▶ [Task item] Output exactly the lines of the listing below that run from the line with "Pragser Wildsee or" through the line with "The greatest part". No pictures.

▶ [Provided entries]
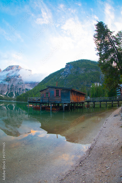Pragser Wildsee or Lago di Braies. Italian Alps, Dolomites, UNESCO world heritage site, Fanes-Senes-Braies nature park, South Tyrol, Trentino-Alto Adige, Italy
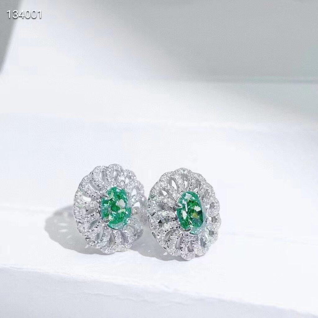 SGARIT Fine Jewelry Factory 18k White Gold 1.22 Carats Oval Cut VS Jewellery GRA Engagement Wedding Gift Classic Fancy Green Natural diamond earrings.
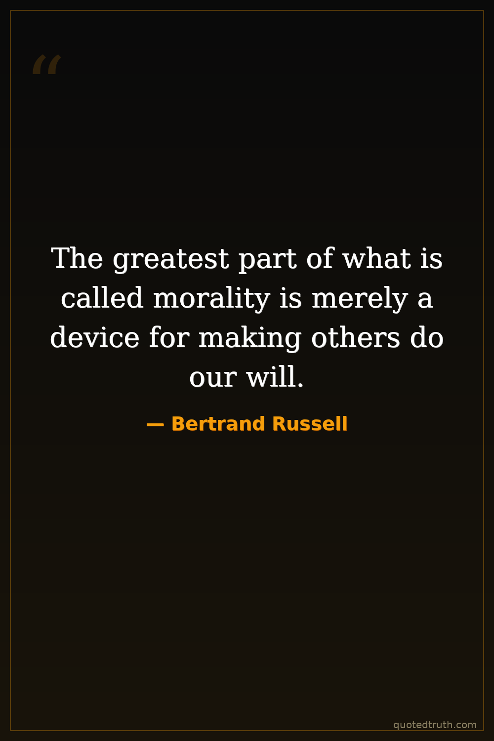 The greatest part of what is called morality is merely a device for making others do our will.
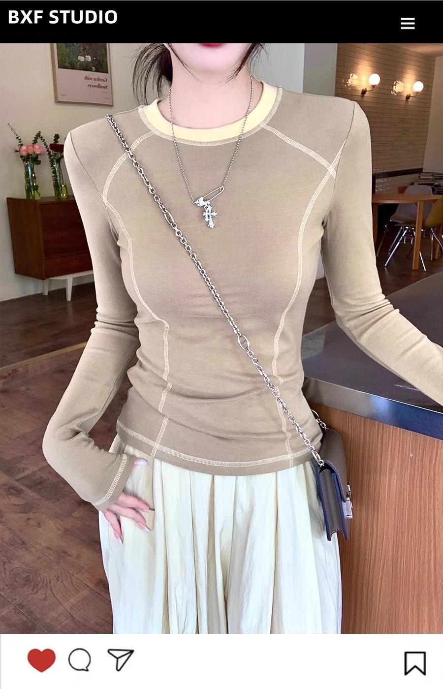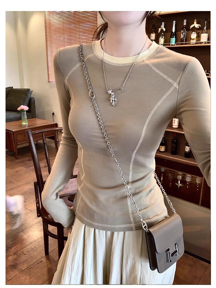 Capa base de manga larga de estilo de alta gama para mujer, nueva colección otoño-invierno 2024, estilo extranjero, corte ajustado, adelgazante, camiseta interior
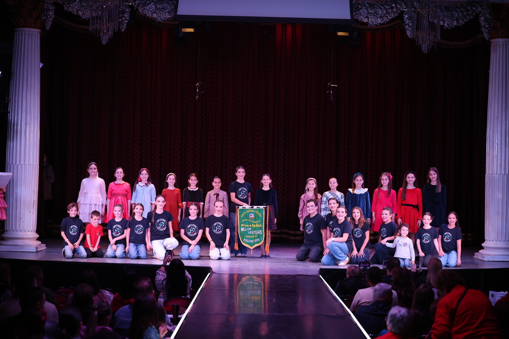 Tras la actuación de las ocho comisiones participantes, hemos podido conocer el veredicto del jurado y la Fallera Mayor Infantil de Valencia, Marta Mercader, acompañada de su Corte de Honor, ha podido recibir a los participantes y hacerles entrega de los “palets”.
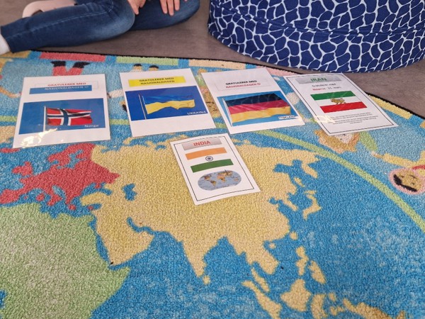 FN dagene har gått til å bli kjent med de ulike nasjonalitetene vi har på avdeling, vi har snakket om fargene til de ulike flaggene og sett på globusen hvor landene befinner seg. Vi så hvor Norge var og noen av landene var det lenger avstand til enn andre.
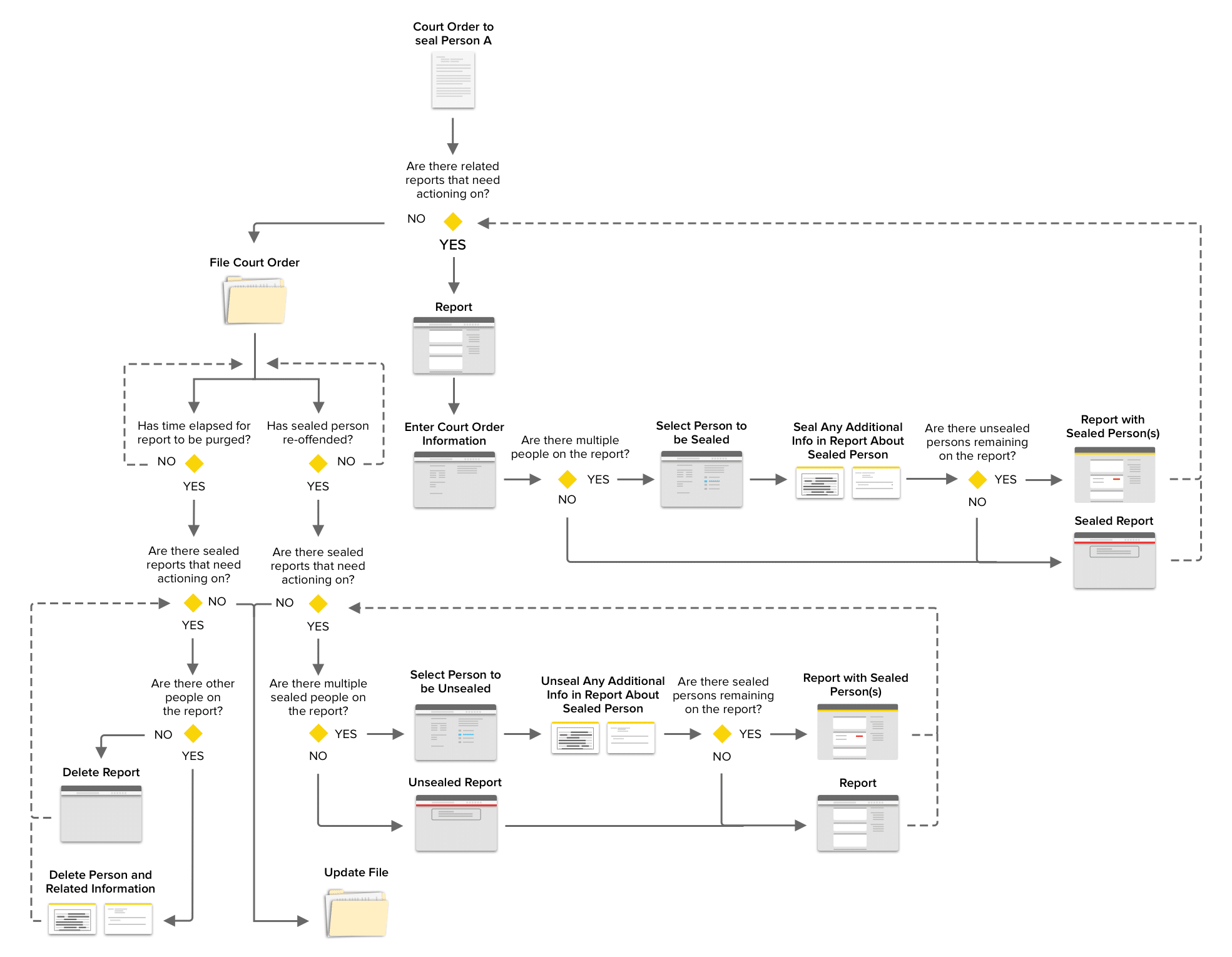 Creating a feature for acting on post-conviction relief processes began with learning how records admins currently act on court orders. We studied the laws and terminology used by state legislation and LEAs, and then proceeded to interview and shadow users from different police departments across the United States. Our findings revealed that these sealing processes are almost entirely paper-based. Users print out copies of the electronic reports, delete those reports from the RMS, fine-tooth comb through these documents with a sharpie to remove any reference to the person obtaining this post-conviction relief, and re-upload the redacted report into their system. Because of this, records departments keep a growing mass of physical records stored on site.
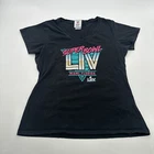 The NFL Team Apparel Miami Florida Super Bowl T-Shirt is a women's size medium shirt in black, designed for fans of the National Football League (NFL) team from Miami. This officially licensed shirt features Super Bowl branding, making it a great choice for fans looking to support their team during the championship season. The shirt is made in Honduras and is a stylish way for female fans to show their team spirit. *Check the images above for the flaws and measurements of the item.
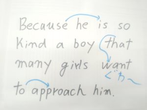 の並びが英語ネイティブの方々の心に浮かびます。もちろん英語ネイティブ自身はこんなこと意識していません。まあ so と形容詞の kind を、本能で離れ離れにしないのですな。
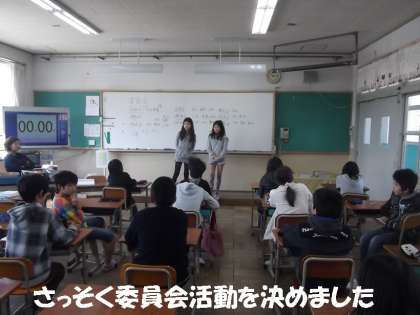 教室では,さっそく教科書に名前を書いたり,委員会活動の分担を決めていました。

---

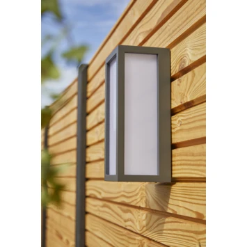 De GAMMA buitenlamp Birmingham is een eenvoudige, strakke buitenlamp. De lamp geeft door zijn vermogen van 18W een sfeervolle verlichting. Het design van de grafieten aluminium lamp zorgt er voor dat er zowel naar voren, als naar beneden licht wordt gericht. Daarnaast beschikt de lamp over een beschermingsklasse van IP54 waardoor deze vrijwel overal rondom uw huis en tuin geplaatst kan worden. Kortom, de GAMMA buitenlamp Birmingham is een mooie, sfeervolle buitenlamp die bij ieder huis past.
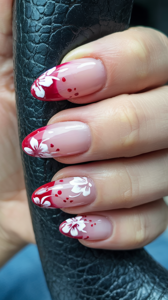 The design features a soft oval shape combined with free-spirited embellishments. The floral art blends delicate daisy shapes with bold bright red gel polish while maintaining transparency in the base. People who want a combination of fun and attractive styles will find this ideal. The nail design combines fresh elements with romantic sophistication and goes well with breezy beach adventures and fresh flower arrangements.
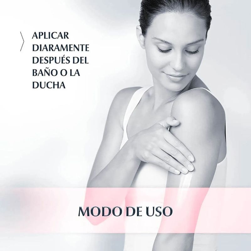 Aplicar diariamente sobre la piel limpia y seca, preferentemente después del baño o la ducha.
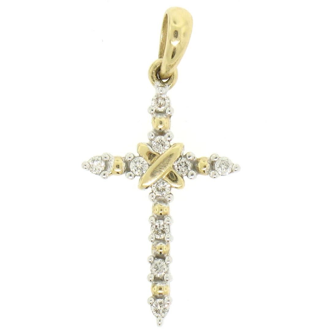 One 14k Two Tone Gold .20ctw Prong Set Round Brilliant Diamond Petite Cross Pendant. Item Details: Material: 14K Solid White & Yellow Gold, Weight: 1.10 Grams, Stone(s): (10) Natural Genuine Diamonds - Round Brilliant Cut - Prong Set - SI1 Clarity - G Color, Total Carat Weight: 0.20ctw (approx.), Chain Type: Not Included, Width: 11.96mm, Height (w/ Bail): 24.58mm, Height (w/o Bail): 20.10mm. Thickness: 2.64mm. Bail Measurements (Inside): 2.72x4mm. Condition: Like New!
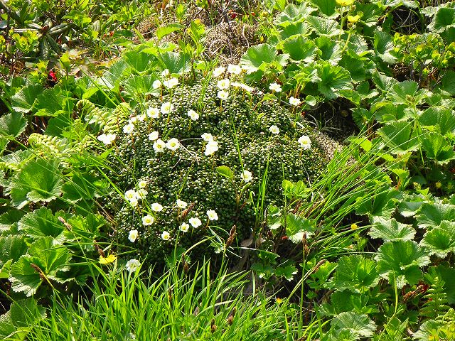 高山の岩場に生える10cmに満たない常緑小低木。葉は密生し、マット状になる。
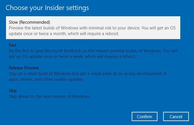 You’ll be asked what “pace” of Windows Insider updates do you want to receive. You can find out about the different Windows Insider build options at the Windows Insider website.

▶ [Solution to this exercise]
Pragser Wildsee or Lago di Braies. Italian Alps, Dolomites, UNESCO world heritage site, Fanes-Senes-Braies nature park, South Tyrol, Trentino-Alto Adige, Italy
 SGARIT Fine Jewelry Factory 18k White Gold 1.22 Carats Oval Cut VS Jewellery GRA Engagement Wedding Gift Classic Fancy Green Natural diamond earrings.
 The greatest part of what is called morality is merely a device for making others do our will.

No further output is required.